If the design arts — architecture, landscape, urbanism — are among the most public of all the arts, then why do they have so little presence in public discourse? Why are they so marginalized in mainstream media?
Nancy Levinson, the editor and executive director of Places journal, will give a lecture on the current role and future potential of design journalism. Her talk will consider examples of how scholars in other professions and disciplines — in medicine, economics, law, and history — have emerged as influential public intellectuals, and how these could apply to the design field. She will also discuss ways that realistic models could be created for supporting the work of public intellectuals in design whose writing is at once rigorous and accessible.
Nancy Levinson (MArch'84) is editor and executive director of Places, a journal of public scholarship on architecture, landscape, and urbanism. Since arriving at Places in 2009, Levinson has led the journal’s transition from print to digital, globalized its network of institutional partners, advanced the editorial mission of public scholarship, and overseen the launch of Places Books, an imprint of Princeton University Press.
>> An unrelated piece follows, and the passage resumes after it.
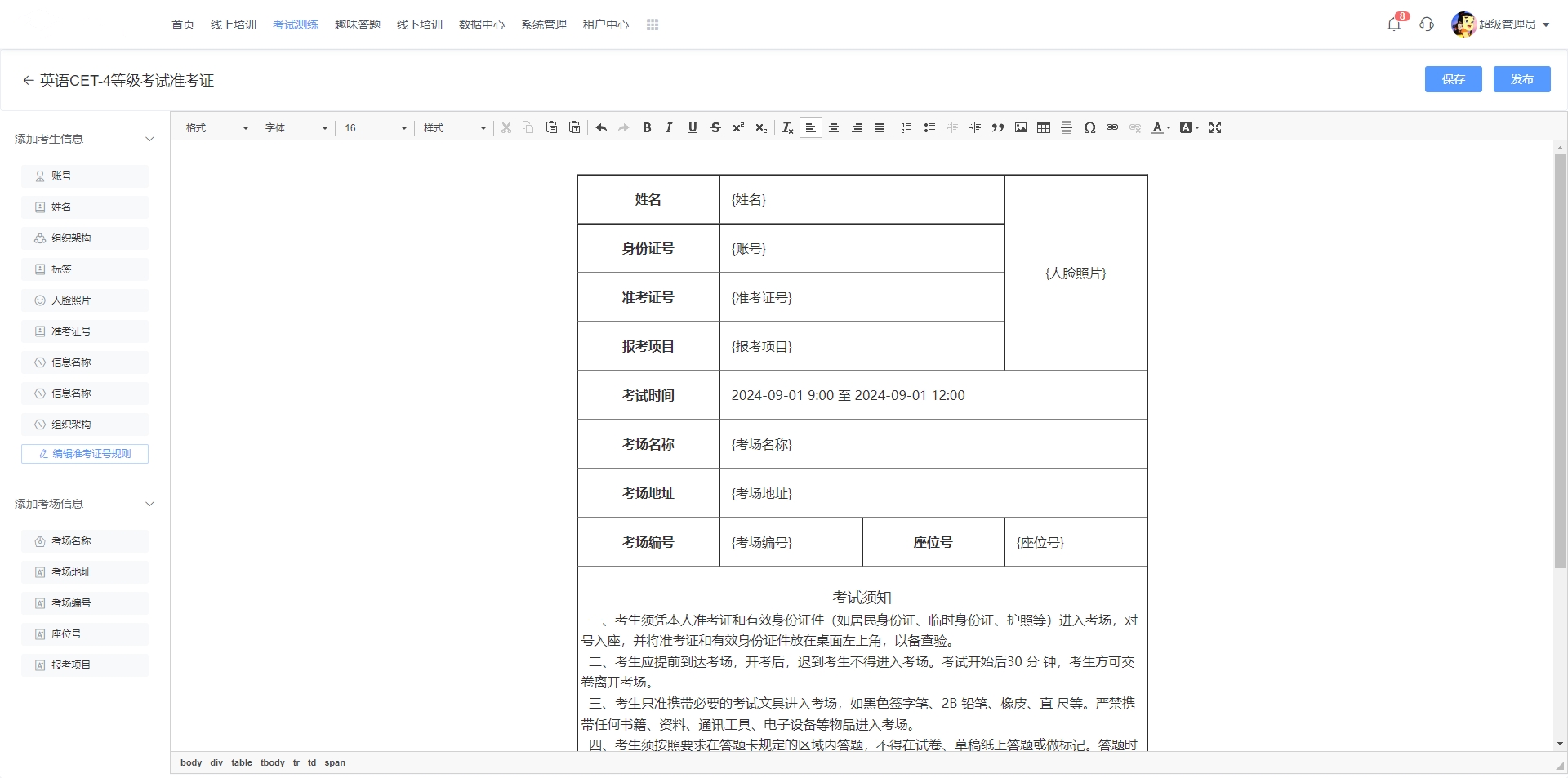 点击左侧模块,能够在准考证中增加对应信息字段。准考证预览区域为富文本编辑器,支持直接进行样式或内容的编辑。

Previously Levinson was founding director of the Phoenix Urban Research Lab at The Design School at Arizona State University, and before that, co-founding editor of Harvard Design Magazine at the Harvard Graduate School of Design. A frequent design juror and lecturer, she has written for a range of design periodicals; in an earlier digital life, she wrote the blog “Pixel Points” for Arts Journal. Levinson has been awarded a fellowship at the Canadian Centre for Architecture and received numerous foundations grants for projects in Places. Most recently she has been appointed an adjunct associate professor of architecture at Monash University in Melbourne.